Penuria y egoísmo en días de pandemia
La muerte de los otros, de Paul Benavides
Por Oscar Núñez Olivas
La pandemia de Covid-19 entró a Costa Rica llevándose todo a su paso, como un huracán. Desbarató empresas, liquidó cientos de miles de empleos; hizo colapsar los hospitales y dejó una estela de muerte y desolación sin precedente.
Las cifras estremecen, pero los guarismos son aterradores cuando se traducen a vivencias concretas; la del hombre que era sustento de su familia y perdió el empleo; la del pequeño empresario que un día tuvo que cerrar definitivamente las puertas de su negocio y lanzar al desamparo a una docena de trabajadores.

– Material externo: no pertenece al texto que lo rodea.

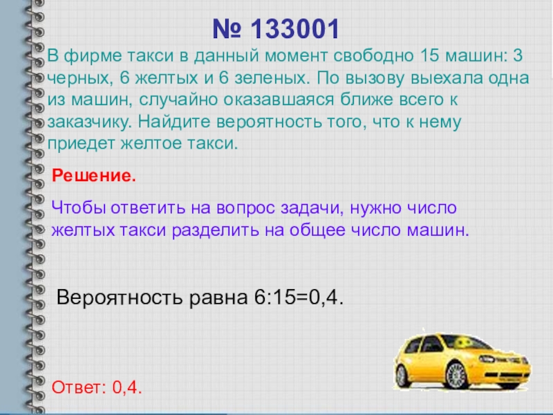 В фирме такси в данный момент свободно 15 машин: 3 черных, 6 желтых и 6 зеленых. По вызову выехала одна из машин, случайно оказавшаяся ближе всего к заказчику. Найдите вероятность того, что к нему приедет желтое такси.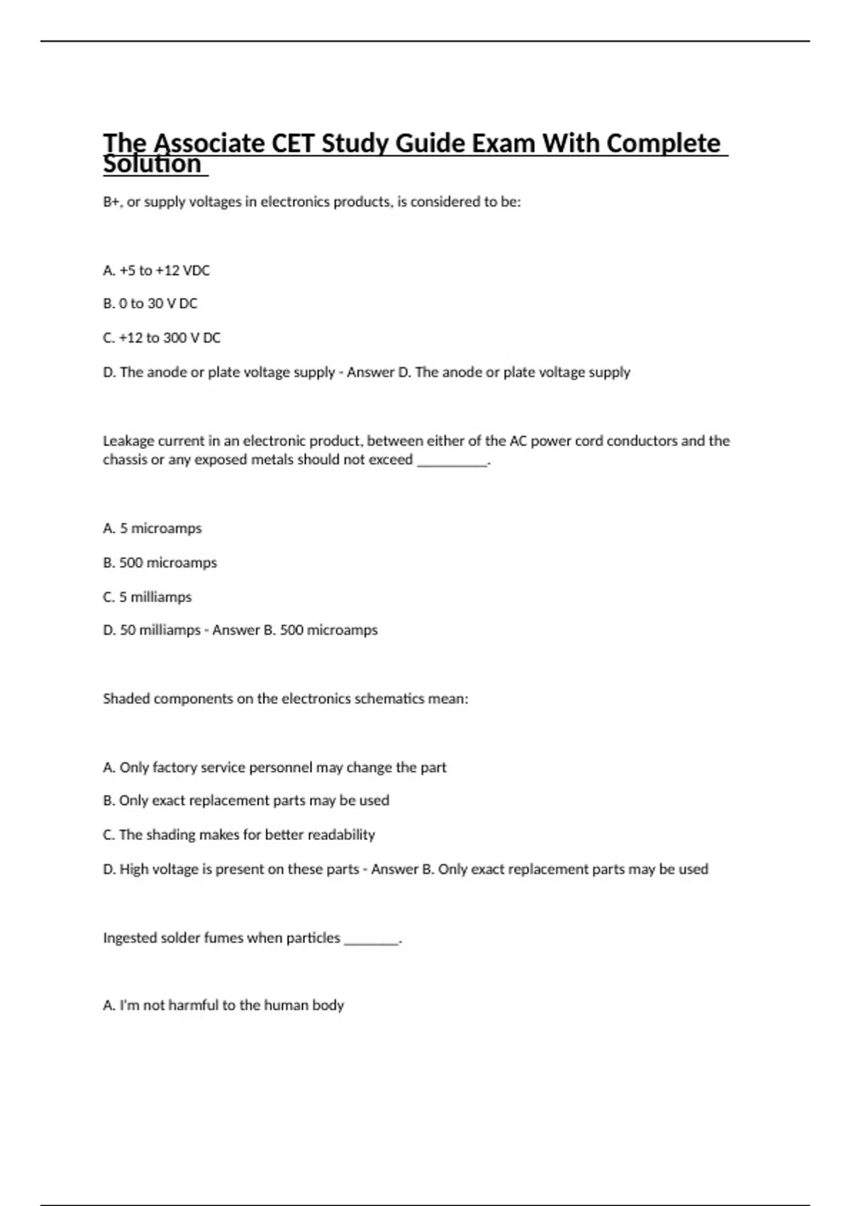 B+, or supply voltages in electronics products, is considered to be: A. +5 to +12 VDC B. 0 to 30 V DC C. +12 to 300 V DC D. The anode or plate voltage supply - Answer D. The anode or plate voltage supply Leakage current in an electronic product, between either of the AC power cord conductors and the chassis or any exposed metals should not exceed _________. A. 5 microamps B. 500 microamps C. 5 milliamps D. 50 milliamps - Answer B. 500 microamps Shaded components on the electronics schematics mean: A. Only factory service personnel may change the part B. Only exact replacement parts may be used C. The shading makes for better readability D. High voltage is present on these parts - Answer B. Only exact replacement parts may be used Ingested solder fumes when particles _______. A. I'm not harmful to the human body B. Are toxic C. From lead-tin solder aren't harmful D. From tin-alloys are most harmful - Answer B. Are toxic Second degree skin burns should ________. A. Not be treated with ice and bandage pack B. Be covered with thick bandages C. Be treated with cold water or ice D. Be treated by draining blisters - Answer A. Not be treated with ice and bandage pack Rules describing the fire or toxicity retardant types of cabling which may be installed in buildings is contained in _________. A. NEC Article 770 B. UL 569B C. TIA/EIA standard 578 D. NEMA code 1316 - Answer A. NEC Article 770 ESD and static discharge is most destructive to _______. A. CMOS semiconductors B. TTL semiconductors C. Germanium PN junctions D. Silicon PN junctions - Answer A. CMOS semiconductors If you have never receive formal training and practice CPR want a pricing or dummy, in the event of finding a fellow worker not breathing, you _________. A. Should use what knowledge you do half of the procedure and attempt it B. Should not attempt it, but call for help C. Should attempt it after calling for help D. Should, if handy, read the instructions and attempt in order to save the life - Answer B. Should not attempt it, but call for help When working at heights above 6 feet, a ________ is required by OSHA rules. A. Linesman's belt B. Linesman's belt attached to a lanyard C. Full body harness attached to a lanyard that prevents more than a 6 foot drop D. Good insurance policy - Answer C. Full body harness attached to a lanyard that prevents more than a 6 foot drop 'Phantom' current is associated with ________. A. Northern Lights B. Corona arcing from electrical generators C. Charge retained by inductors D. Charge retained by capacitors - Answer D. Charge retained by capacitors The atomic number of an element is the same as the element's atomic weight. A. True B. False - Answer B. False An increase in the voltage with resistance held constant causes current to __________. A. Decrease B. Increase twice to value of voltage C. Increase D. None of the above - Answer C. Increase The ampere, expresses __________. A. Volts/sec increase B. A unit of charge movement per second past a given point C. Coulombs/charge D. An increase in resistance - Answer B. A unit of charge movement per second past a given point The total resistance of a parallel circuit containing equal branch resistances is found by the following: A. By adding all of the branch resistance values B. By taking the product of all the branch resistance values C. By dividing the resistance value of a branch by the number of branches D. The value cannot be found - Answer C. By dividing the resistance value of a branch by the number of branches A 12 V DC power supply has a 15 ohm internal resistance. What load resistance can you be connected to transfer maximum power? A. 15 ohms B. 20 ohms C. 10 ohms D. 5 ohms - Answer A. 15 ohms Maximum power transfer occurs when the low impedance is equal to the source impedance. A. True B. False - Answer A. True What will happen to the current through the resistor if the resistor value increases? A. Current increases B. Current remains unchanged C. Current decreases D. Car and the voltage across the resistor increases - Answer C. Current decreases Which type of circuit has the same voltage across each component? A. Parallel B. Series-parallel C. Series D. Combination - Answer A. Parallel Total power in a series circuit is determined by the: A. Source voltage times the current B. Total voltage applied to the circuit C. Current flowing through the switch D. Average wattage rating of each resistor - Answer A. Source voltage times the current Which is the equivalent to 100 microamps? A. .1 milliamps B. 1 milliamps C. 10 milliamps D. 10 Nanoamps - Answer A. .1 milliamps A resistor __________. A. Stores an electric charge B. Is measured in coulombs C. In a circuit causes a voltage drop from one end to the other D. Is dependent on lines of force - Answer C. In a circuit causes a voltage drop from one end to the other 1 kΩ is the same as __________. A. 1 thousand ohms B. 1 thousandth of an ohm C. 10−² ohms D. 10000 ohms - Answer A. 1 thousand ohms A circuit has one 500 ohm resistor in series with three 500 ohm resistors that are connected in parallel with each other. The total resistance would be ____________. A. 666 ohms B. 167.7 ohms C. 750 ohms D. 1000 ohms - Answer A. 666 ohms The voltage rating of a capacitor ___________. A. Must be factored into the resistance formula B. Relates to the maximum voltage that should be applied to it C. Indicates the maximum current the capacitor can allow D. Is the same as the power factor - Answer B. Relates to the maximum voltage that should be applied to it Calculating the total capacitance of several capacitors connected in parallel __________. A. Is not necessary as they are not used this way B. Causes a need to consider inductance factors C. Is done by adding each of the capacitance values D. Is the same as the power factor - Answer C. Is done by adding each of the capacitance values Ferrite __________. A. Is a capacitor dielectric B. Is a common inductor core material C. Is the most common resistor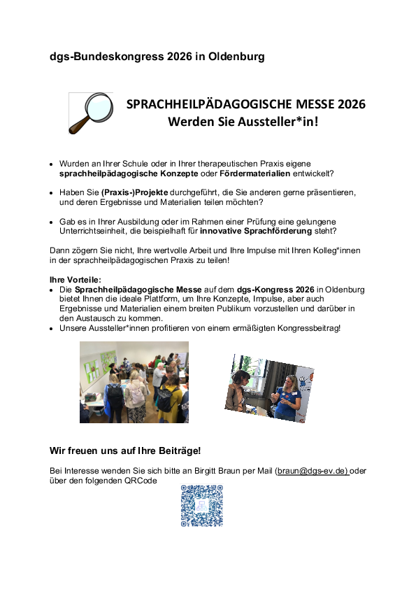 Die Sprachheilpädagogische Messe auf dem dgs-Kongress 2026 in Oldenburg bietet Ihnen die ideale Plattform, um Ihre Konzepte, Impulse, aber auch Ergebnisse und Materialien einem breiten Publikum vorzustellen und darüber in den Austausch zu kommen.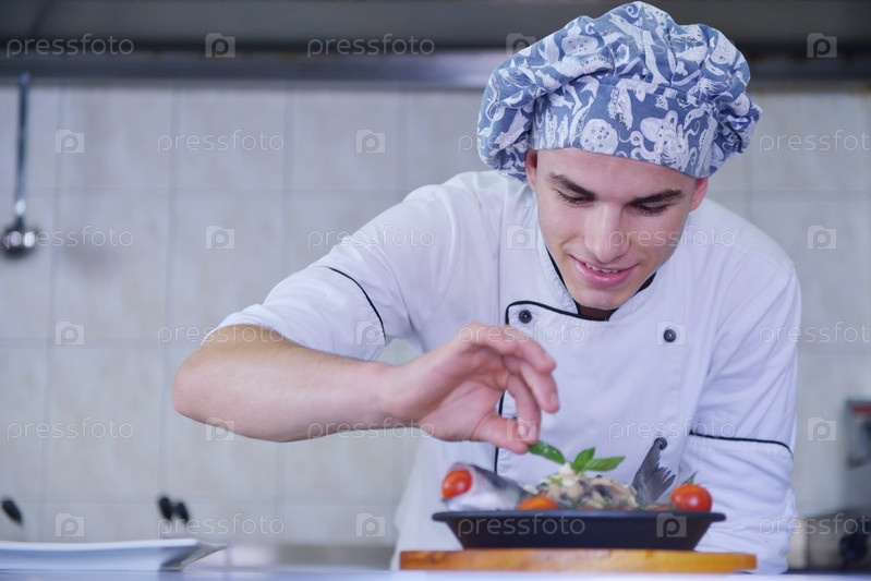Шеф-повар готовит блюдо
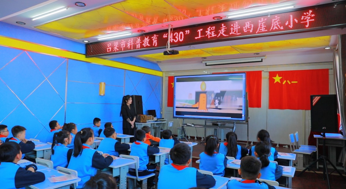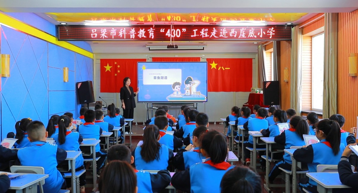 11月20日下午4点30分,吕梁市科普教育“430”工程走进离石区西崖底小学,课堂内容为科学探索实验之“章鱼隧道”,西崖底小学四年级4班师生和在校科学老师一起聆听了讲课,副校长闫林美参与听课。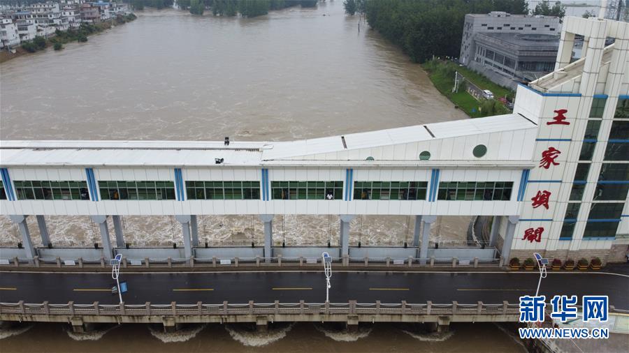 這是7月22日在安徽省阜南縣拍攝的淮河王家壩閘(無(wú)人機(jī)照片)。7月22日14時(shí),淮河王家壩水位降至28.73米,超警戒水位1.23米,低于保證水位0.57米。新華社記者張端攝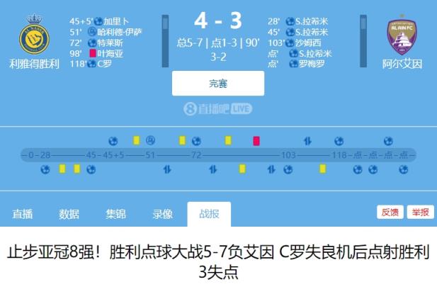 目前阿尔艾因在亚冠赛场已经连克两支利雅得球队:1/4决赛,阿尔艾因点球大战击败利雅得胜利,C罗首次亚冠之旅就此止步;本场半决赛首回合,阿尔艾因又胜利雅得新月,次回合他们将做客新月主场。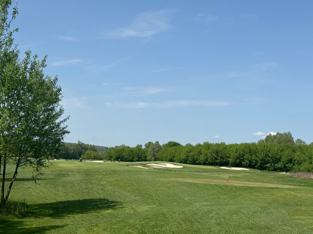 Ganz ausgezeichnet gefällt mir die 13, mit leuchtend gelbem Rapsfeld im Hintergrund. Spielt man die Bahn links an und der Ball rollt bis vor die Bunker, ist der Winkel für den zweiten Schlag auf das Grün perfekt. Hammer-Design auch auf der 14: Nach der Rechtsbiegung teilt sich die Bahn längs, aus der Ferne nur als hell- und dunkelgrüner Grasstreifen zu erkennen. Zwischen Fairway links oben und rechts unten sind allerdings schon ein paar Höhenmeter und der Schlag aufs Grün je nach Position dadurch höchst unterschiedlich. 4 – 3 – 4 – 5 ist der Rhythmus der letzten vier Bahnen. Die 15 moderat lang, die 16 ein zahmes Par 3. Dafür führt die 17 im 90-Grad-Winkel rechts über einen Teich. Longhitter spielen wahrscheinlich vom Tee Richtung Grün, ich wähle die vom Grün weiter entfernte, schmale Landezone vor den Bunkern links vom Teich und notiere immerhin ein Bogey. Die 18 dann, wie es sich gehört, spektakulär bis zum Schluss, stark nach rechts hängend, links oben der Clubhaus-Teich mit Springbrunnen, weißleuchtende Grünbunker und das Restaurant lockend im Hintergrund.

La nueva novela de Paul Benavides Vílchez, “La muerte de los otros”, nos lleva a vivir por dentro la tragedia, en un ejercicio de contrastes brutal entre quienes padecieron las pérdidas en todas sus formas y los que aprovecharon para hacer negocios ilícitos a la sombra de ostentosos cargos.
Poeta y novelista, ganador del Premio Nacional Aquileo Echeverría 2021 por la novela “Los papeles de Chantal”, Benavides regresa a un tema que le apasiona: el ejercicio del poder y la corrupción que crece a su alrededor como hongos sobre composta. Solo que esta vez, la corrupción política y empresarial tiene como trasfondo la pandemia.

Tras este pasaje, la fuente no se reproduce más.